Quelques siècles après Belshatsar, un autre roi orgueilleux et sanguinaire avait fermé ses oreilles et sa conscience aux avertissements du messager de Dieu. Hérode, entouré des grands de la Galilée, célébrait avec faste le jour de son anniversaire. Dans l'euphorie de la boisson et l'enthousiasme pour la belle jeune fille qui dansait, il s'engagea publiquement et avec serment à lui offrir le cadeau de son choix, jusqu'à la moitié de son royaume (Matthieu 14: 1-11). Sa joie s'évanouit en un instant et fit place à la tristesse quand il connut la demande de la jeune fille: la tête de Jean le Baptiseur! Mais c'était trop tard, il était pris au piège de ses paroles. Et l'exécution de Jean fut ordonnée. Dès lors sa conscience ne le laissa plus en paix. Et lorsqu'il aura connaissance des miracles du Seigneur, il dira: «C'est Jean que j'ai fait décapiter; il est ressuscité d'entre les morts» (Marc 6: 16). Voilà dans quelle impasse peut conduire l'intempérance. «Le vin, et le moût, ôtent le sens» (Osée 4: 11).

Le peuple que Dieu avait racheté d'Égypte, conduit par ses propres pensées, prit un jour l'initiative d'une prétendue fête à l'Éternel! «Ils firent en ces jours-là un veau, et offrirent un sacrifice à l'idole, et se réjouirent dans les œuvres de leurs mains» (Actes des Apôtres 7: 41). «Le peuple s'assit pour manger et pour boire, et ils se levèrent pour se divertir» (Exode 32: 6). Joie bien vaine et bien précaire! Pouvait-il y avoir une offense plus abominable, une plus affreuse ingratitude envers l'Éternel qui avait usé de tant de bonté envers son peuple? Comment la colère divine ne s'embraserait-elle pas? Cette fois encore, la fête s'interrompit subitement, et ce fut le jugement immédiat: trois mille hommes tombèrent ce jour-là (32: 28). Nous trouvons là le subtil mélange du religieux et du profane: une apparence de piété (une fête à l'Éternel), mais où se cachent les pensées de l'homme et sa propre volonté. Notre époque n'est pas, hélas, exempte de ces excès dans le manger et dans le boire, sous un prétexte de célébration rituelle ou à l'occasion de fêtes annuelles dites «religieuses». Ici encore, veillons à la tenue de nos agapes fraternelles. Souvenons-nous que nous sommes un peuple acquis, une nation sainte, selon le désir de Dieu. Il faut que, dans les réjouissances familiales ou entre frères, prédomine une sainte crainte et un esprit de louange digne de notre position de sacrificateurs. Pensons à donner au Seigneur la première place parmi nos invités.

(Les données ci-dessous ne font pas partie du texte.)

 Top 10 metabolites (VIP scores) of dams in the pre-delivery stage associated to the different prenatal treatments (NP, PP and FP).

Les récits rappelés ci-dessus, si particuliers qu'ils soient, nous incitent à détourner nos regards sans regret des plaisirs de ce monde. Nous avons tellement mieux. Nos joies ne seront authentiques et approuvées que dans la mesure où nous aurons avec notre Dieu les mêmes motifs de réjouissances. Le Seigneur, dans sa prière de Jean 17, désirait que ses disciples aient sa joie accomplie en eux-mêmes (verset 13). Quelle joie éclata dans le ciel quand naquit le Sauveur du monde! Et sur la terre, il y eut le tressaillement de joie de Jean-Baptiste dans le sein de sa mère, la louange de Marie, le grand sujet de joie annoncé aux bergers, le désir comblé de Siméon.

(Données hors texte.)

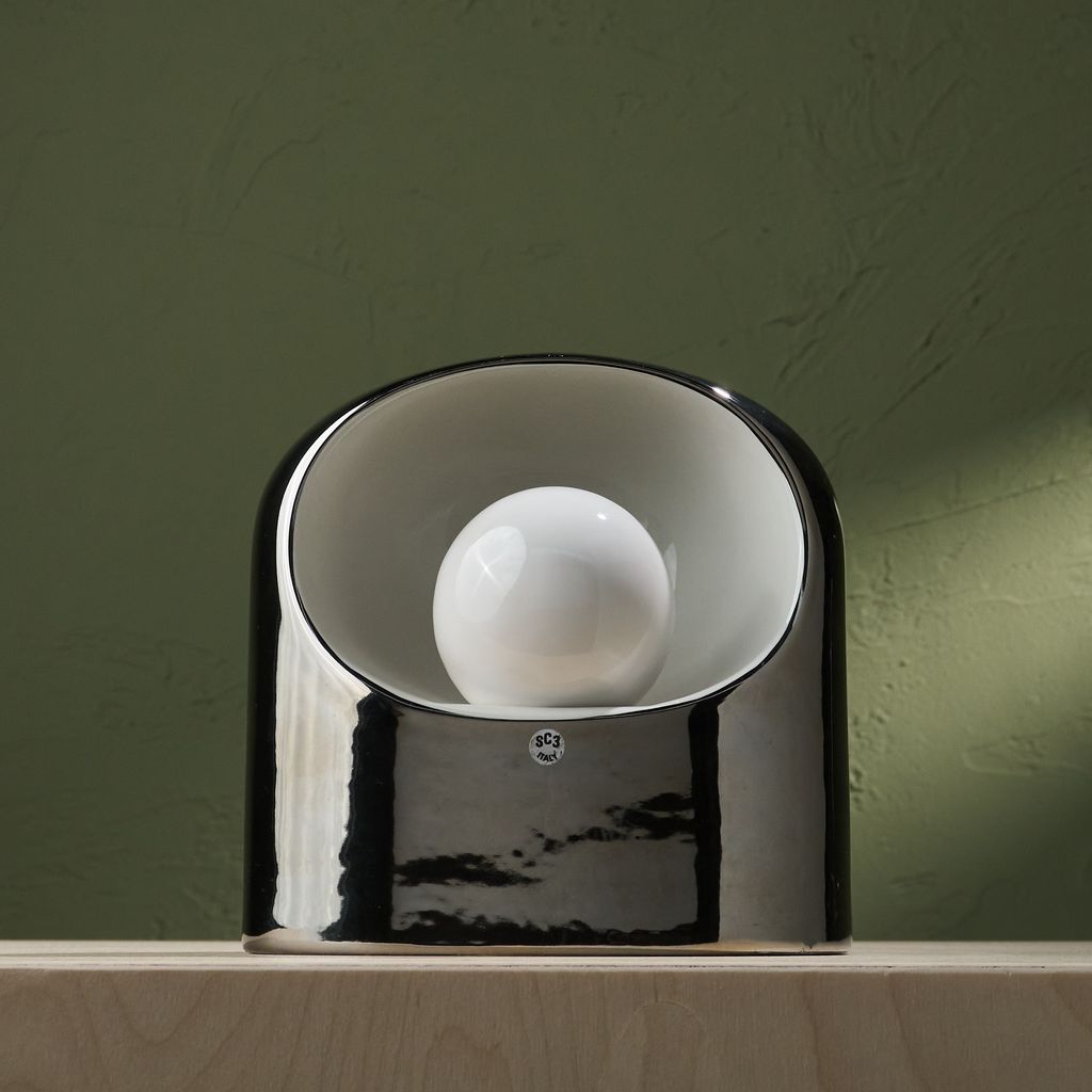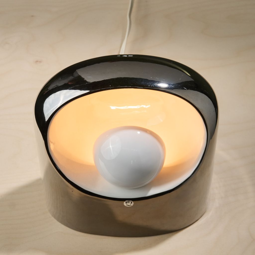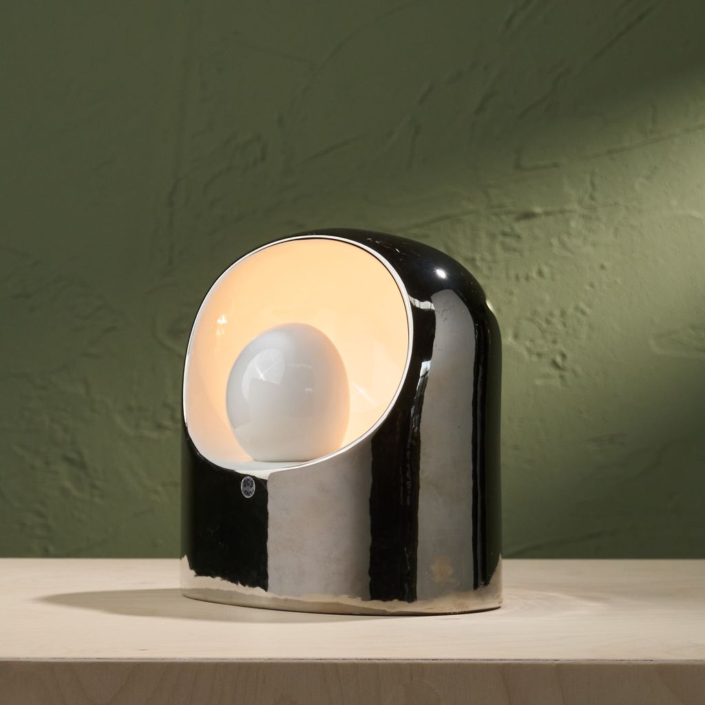 Designed by Marcello Cuneo, the 'Venezia' table lamp was manufuctured by SC3 for Phillips and produced in the 1970s. The lamp uses a ceramic body with a rotating aperture around the bulb. The opening can be adjusted steplessly to control the direction of the light. The Venezia series was designed as a functional lighting object with a mechanism that allows both direct and indirect illumination. Philips manufactured lighting products for domestic and commercial use and distributed them through international retail and design markets during the twentieth century. This specific version was manufactured by SC3 for Phillips in Italy.

Quand une âme passe de la mort à la vie, des ténèbres à la lumière, quel bonheur pour elle! Quelle joie aussi pour les croyants qui ont connaissance de cette conversion! Et le ciel se réjouit pour le même motif. C'est la joie du Bon Berger qui a trouvé une brebis perdue.

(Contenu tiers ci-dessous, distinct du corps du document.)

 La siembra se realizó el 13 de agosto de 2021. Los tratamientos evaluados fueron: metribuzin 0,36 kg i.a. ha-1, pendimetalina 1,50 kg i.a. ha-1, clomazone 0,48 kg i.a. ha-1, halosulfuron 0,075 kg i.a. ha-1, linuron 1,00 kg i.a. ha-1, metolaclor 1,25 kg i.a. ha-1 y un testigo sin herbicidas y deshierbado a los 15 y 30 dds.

Si nous nous écartons du droit chemin, nous ne pouvons plus nous réjouir. Le fils prodigue, en Luc 15, rompit un jour tout lien avec son père, n'ayant pas su se réjouir sous son toit. Mais quelle joie retrouvée et partagée lors de son retour que le père avait tant attendu! Lui-même affirma: «il fallait faire bonne chère et se réjouir» (verset 32).

Quand nous nous réjouissons dans le Seigneur selon l'exhortation de Philippiens 3: 1 et 4: 4, nous sommes en communion avec notre Père céleste, qui a trouvé tout son plaisir en son Fils.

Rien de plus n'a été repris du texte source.